Anyway, Artie doesn’t like it, because he wants his special to be a hokey cheesefest. Based on this episode alone, I think I’m going to start a novelty Tumblr highlighting the many reaction shots of Mike Chang, because again, we get an overlong reaction shot from him here. Why can’t he have some lines? Rachel and Blaine sing a duet and try to out-smugface one another, but it doesn’t work; they both have the smuggest faces and we can’t pick a winner.

AT LAST, the Christmas special begins. The Glee set is actually a very faithful reproduction of the set for the Garland special (watch here if you want to get the creeps), but it just seems so weird to think that Artie of all people would give two craps about this Judy Garland special. Dubious origins aside, this black-and-white segment is nine kinds of adorable. It’s self-aware (I think?) and cheeky and the music arrangements are pretty bare-bones, and all I can imagine is how great it would be if the entire episode were this. No framing device, no explanation, just an hour-long cornball extravaganza with prim sixties gloves and slim-cut suits. I’ll even accept the go-go boots and the dumb Star Wars material, because it’s Glee, and there’s no such thing as enough being enough. Alas, the majesty of the segment is ruined when Rory comes in and reads from the Bible, because, you guessed it, no reason. We haven’t known Rory to be particularly religious, nor does Glee seem like a natural venue for a Jesus-is-the-reason-for-the-season lecture.

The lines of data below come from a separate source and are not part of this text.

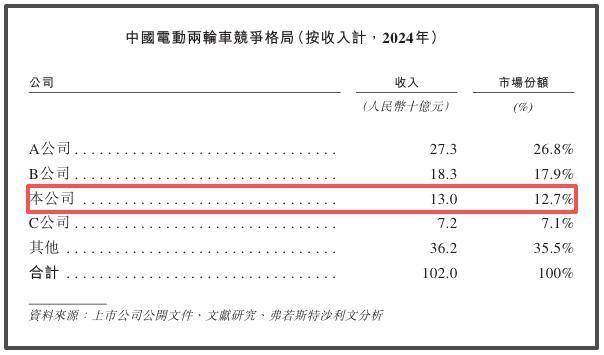 据招股书介绍,台铃以“低碳出行”为愿景,是国内“长续航电动两轮车”的定义者。根据弗若斯特沙利文的资料,按2024年电动两轮车的收入计,台铃在中国内地排名第三,市场份额约为12.7%,仅次于雅迪和爱玛。
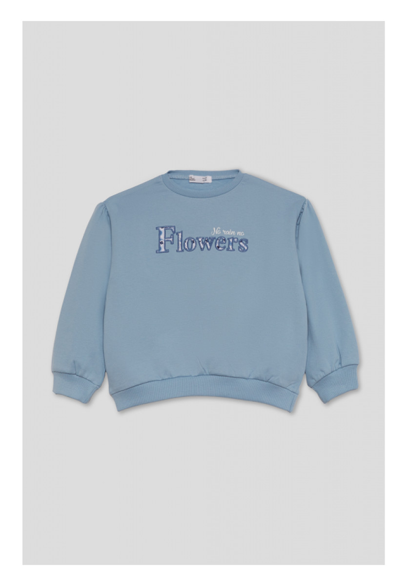 Sudadera de manga larga para niña. Sudadera en color celeste confeccionada en tejido de punto suave, con cuello redondo y acabado en canalé en puños y bajo. Presenta diseño con frunces sutiles en los hombros y estampado frontal con el mensaje “No rain no Flowers”, decorado con detalles florales en relieve. Una prenda alegre y cómoda que combina estilo y optimismo para los días más frescos.
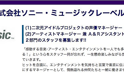 소니 뮤직에서 2차원 아이돌 프로젝트의 성우 매니저 등 스탭 모집 공고
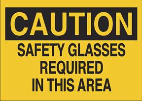 ldquo;Caution: Safety Glasses Required...” Signs, Each
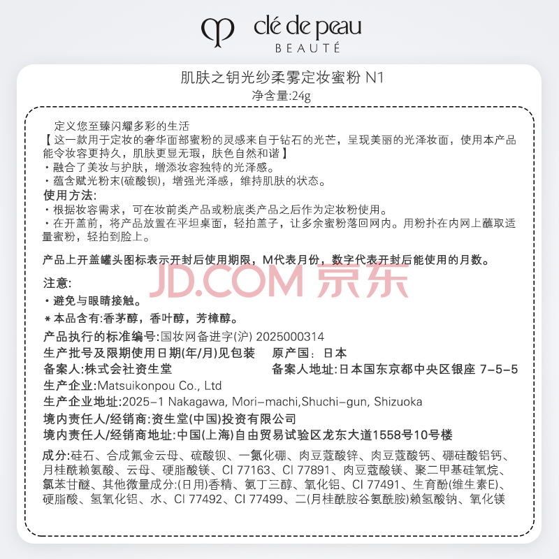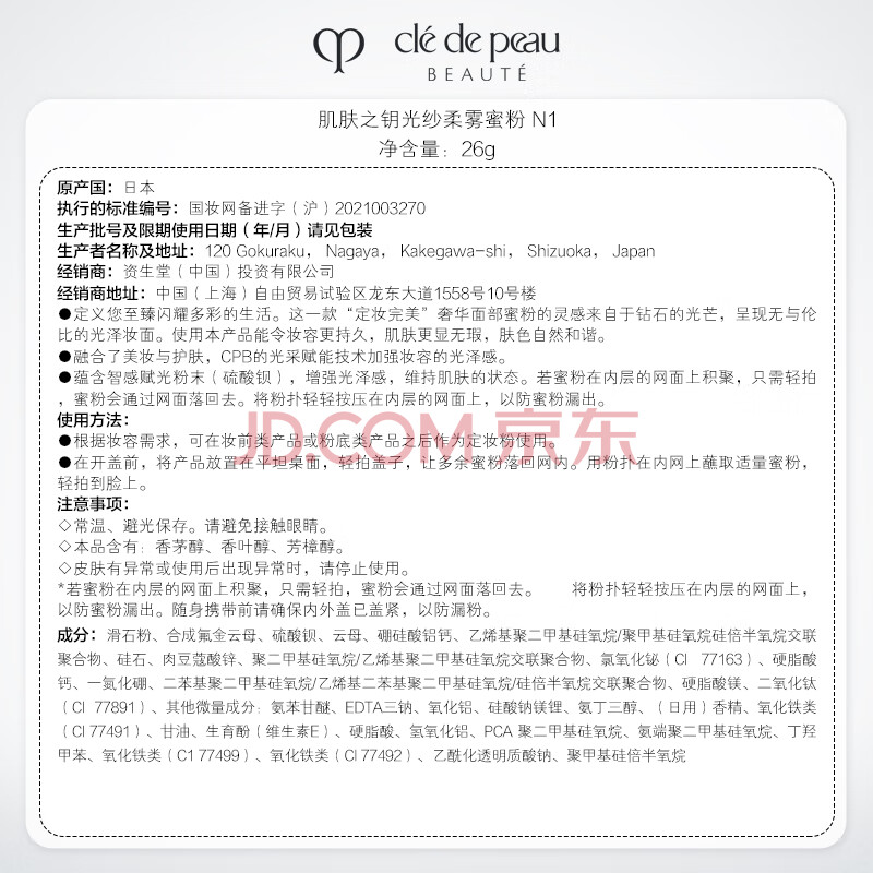 商品相册:肌肤之钥(CPB)光纱柔雾定妆蜜粉 24g#N1持妆透亮生日礼物送女友第
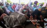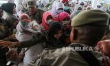 REPUBLIKA.CO.ID, LHOKSEUMAWE. -- Sejumlah Tenaga Kesehatan (Nakes) menerobos pagar betis Satpol PP saat unjuk rasa di kantor wali kota Lhokseumawe, Aceh, Selasa (13/6/2023).
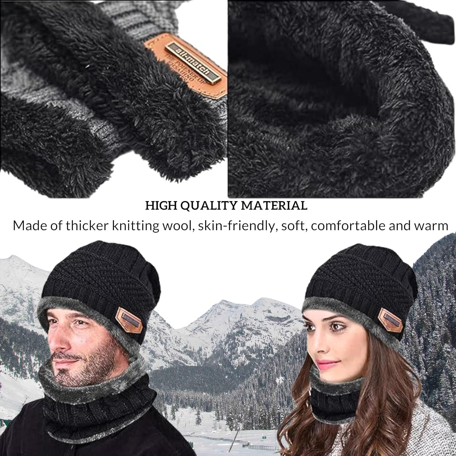 Fit Type: Fitted Fleece Lined for Warmth and Comfort- The winter hat, scarf, and gloves set features a soft thick knit outer layer, the beanie hat and scarf are lined with high-quality fleece to keep out wind and chill!
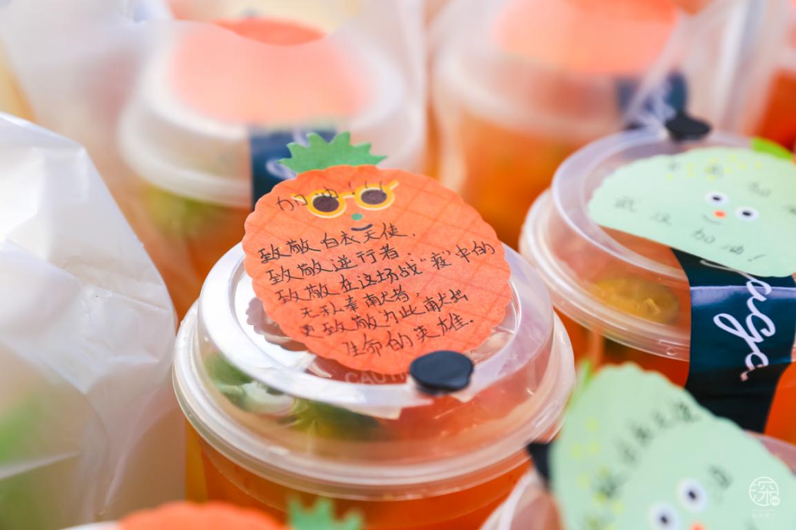 當(dāng)然除了熱心市民,來(lái)獻(xiàn)愛(ài)心的還有卓悅INTOWN購(gòu)物中心內(nèi)的商戶(hù):瑞幸咖啡、麥當(dāng)勞、太平洋咖啡、CoCo都可、湊湊、gaga鮮語(yǔ)、HUN混果汁、享甜、Bangs Burger燕遇、辣可可現(xiàn)炒黃牛肉、旬野菜在知道這次活動(dòng)后,紛紛主動(dòng)提供食物或飲品,給疫情期間始終奮斗在一線(xiàn)的服務(wù)人員們,他們值得我們好好愛(ài)著。
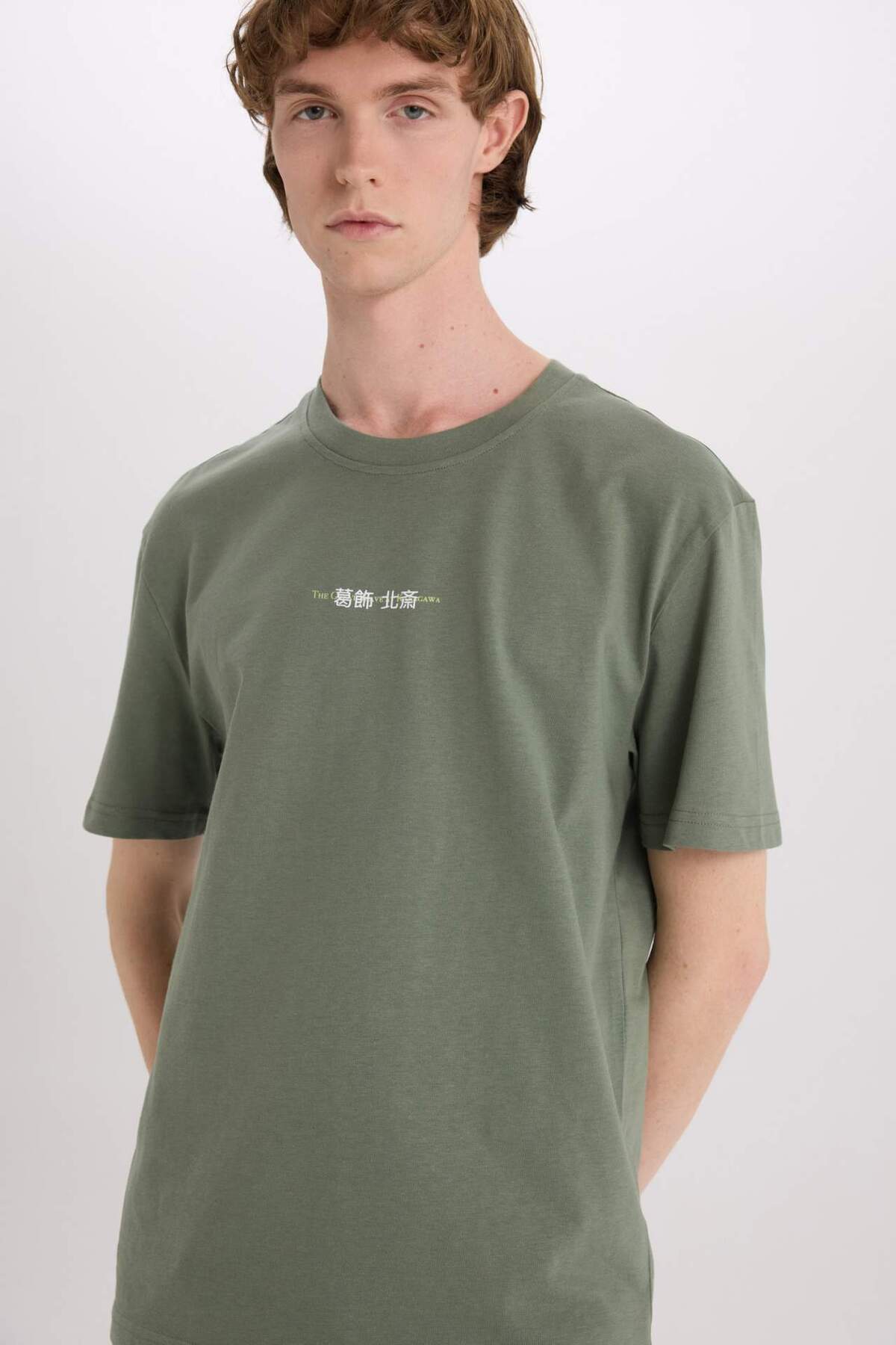 خرید اینترنتی تی شرت آستین کوتاه چاپی 100% هوکوسایی هوکوسای رگولار با یقه یقه دار D6914AX25SP برند دفاکتو Defacto اورجینال از DeFacto نمایندگی ترکیه
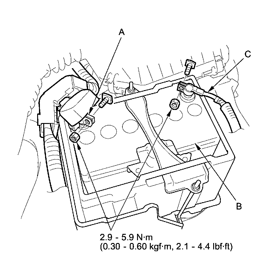 3. Reconnect the positive cable (A) to the battery (B) first, then reconnect the negative cable (C) to the battery.
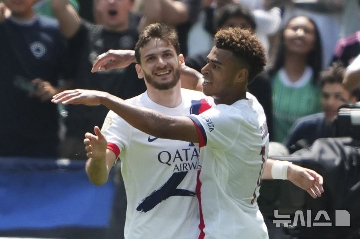 [시애틀=AP/뉴시스] 파리 생제르맹(PSG, 프랑스)의 흐비차 크바라츠헬리아(왼쪽)가 23일(현지 시간) 미 워싱턴주 시애틀 루멘 필드에서 열린 2025 국제축구연맹(FIFA) 클럽 월드컵 조별리그 B조 3차전 시애틀 사운더스(미국)와의 경기 전반 35분 선제골을 넣은 후 환호하고 있다. 이강인이 벤치를 지킨 PSG가 2-0으로 승리하고 2승1패를 기록하며 조 1위로 16강에 올랐다. 2025.06.24.
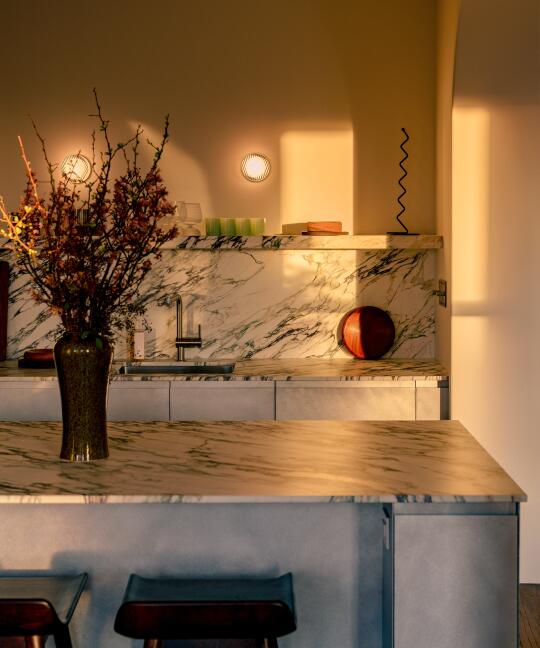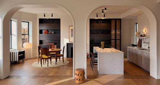 谁懂啊!被双拱形门洞戳中审美点~把空间划分得松弛又有层次,动线超流畅,视觉上还自带复古滤镜,走路都像在逛艺术展! 🌿材质混搭太绝了 暖调木地板+深棕柜体打底,温柔又显贵气;大理石岛台/背景墙冷冽又高级,中和得恰到好处~阳光洒进来时,木色和石纹的光泽感能美到失语! 💡灯光氛围拿捏了 轨道灯+复古壁灯双管齐下,白天靠自然光透门洞“画画”,黄昏开暖光,整个家像被裹进焦糖色里,氛围感直接焊在墙上! 🪑家具选品好会搭 中古餐椅的温润木质感,撞上极简岛台的利落线条,再丢个编织小凳当彩蛋~复古和现代在这儿玩起“跷跷板”,每处角落都藏着小心机! 连花瓶里的花枝、墙上的抽象画都在说故事,住这种家,日子能不浪漫吗?!
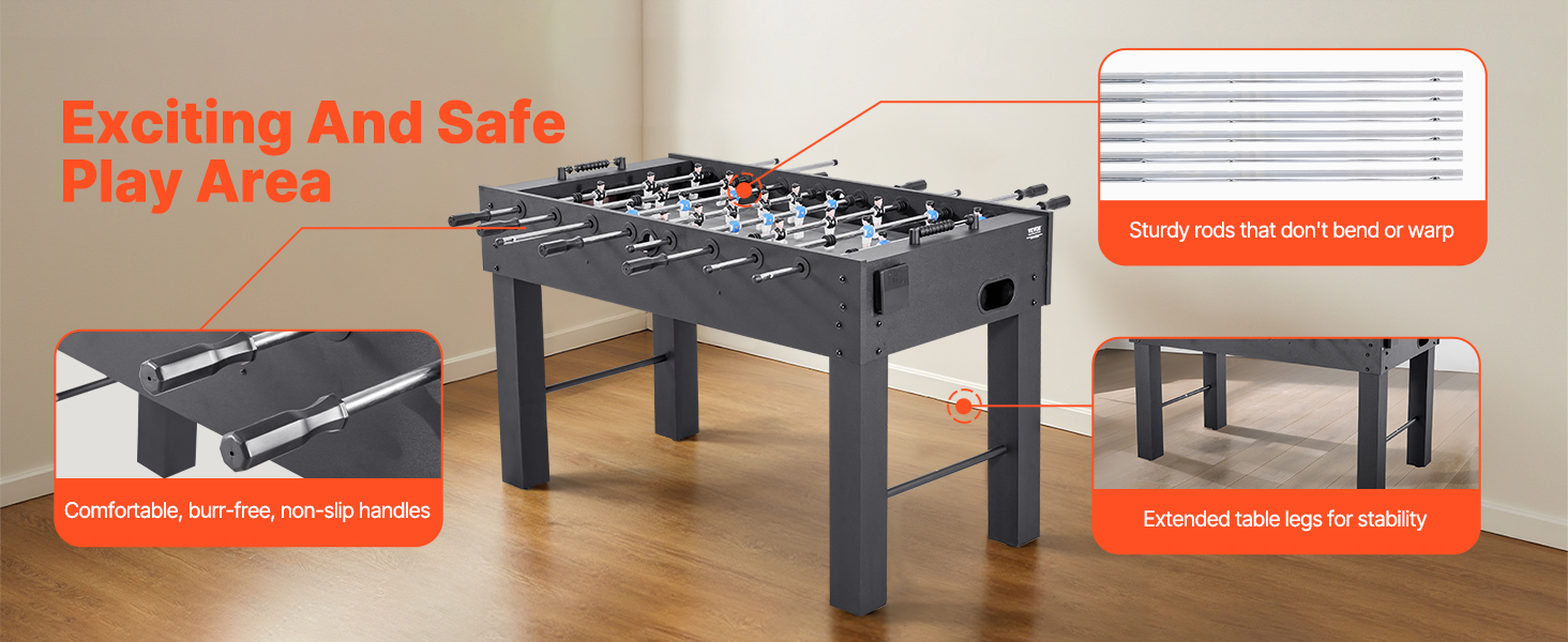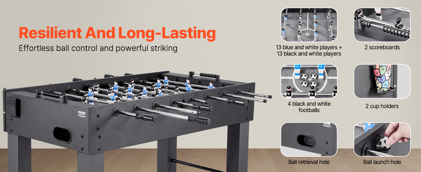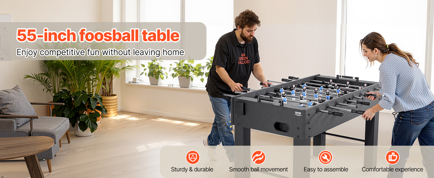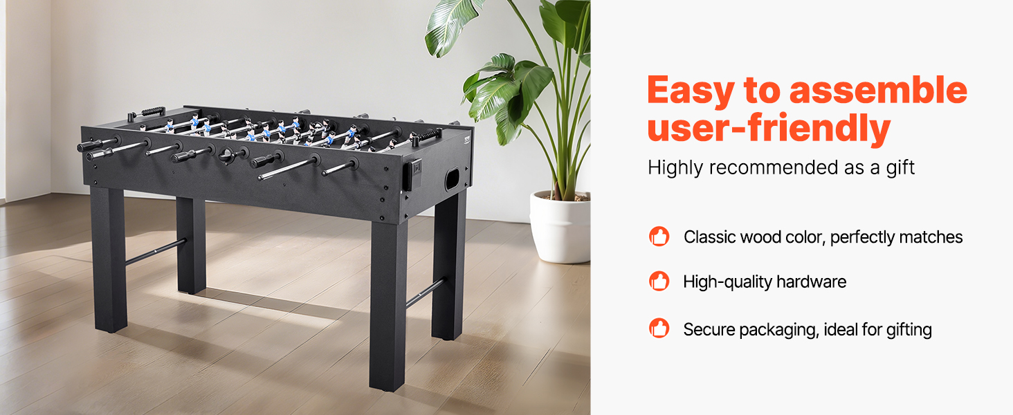 Naše stolíky na stolný futbal sa jednoducho montujú, čo znamená, že rodinné herné večery a barové turnaje sa môžu začať okamžite!

Worst of all, Rory’s homily prompts the New Directions to head to the soup kitchen, where Sam and Quinn are already slopping food onto people’s plates. As if having Sam and Quinn not make eye contact with you even though you’re standing a foot away from them wasn’t degrading enough, now the glee kids earnestly belt out “Do They Know It’s Christmastime?” which just makes everything feel worse. Somehow this Band Aid moralizing cures Rachel of her gimme-gimmes, so she and Finn return the gifts they got each other (earrings, an iPod) so they can donate that money to the charity Sam is raising money for. My notes here just say “WHAT,” and I’m sure how to expound on that. What the hell was that?